The right to take a loved one off of life support and let them pass away is highly contested throughout the world. The requirements necessary to do so are also debated. A new case out of the U.K. will keep the debate going.
The default position of the law and moralists in Western society has long been that a person, if given the choice, would want to live as long as possible. Anyone who did not share that attitude was believed to be under the influence of psychological or other pressure.
While that belief is easy to acknowledge in young, physically healthy people who attempt suicide, over the past few decades it has been under pressure by advocates for people who are terminally ill. They argue that patients have a right to end their own lives when they want. They also argue that family members have a right to take loved ones off of life support, if the patient has previously expressed a desire to not want to live on life support and there is no hope of recovering from the illness.

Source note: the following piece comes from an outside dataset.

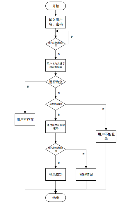 用户输入用户名和密码后,系统先检查输入是否为空,再验证用户名是否存在,若存在则通过用户名获取密码并校验。若密码正确则登录成功,否则提示密码错误。若用户名不存在或无法登录,提示用户操作无效。如图3-4所示。

FOX News has a report on a new case from the U.K. that expands the debate even further, “Wife wins right to let ‘minimally conscious’ husband die.”
In this case, the husband was a police officer who was struck by a car while riding his motorcycle to work. He suffered severe brain damage and spinal injuries. His wife successfully argued in court to take him off of food and water, so he could pass away in peace.
The difference between this case and previous cases is that the man could possibly recover from his condition, although in a severely brain damaged state. Some doctors believe he could potentially live for another 10 years after recovery.
The case is likely to be appealed.
This case potentially opens up a new front in what is called the “right to die” debate that elder law advocates will watch closely. Even those elder law advocates who believe in the right to die, want some limits on when it can be invoked.
Reference: FOX News (Dec. 21, 2016) “Wife wins right to let ‘minimally conscious’ husband die.”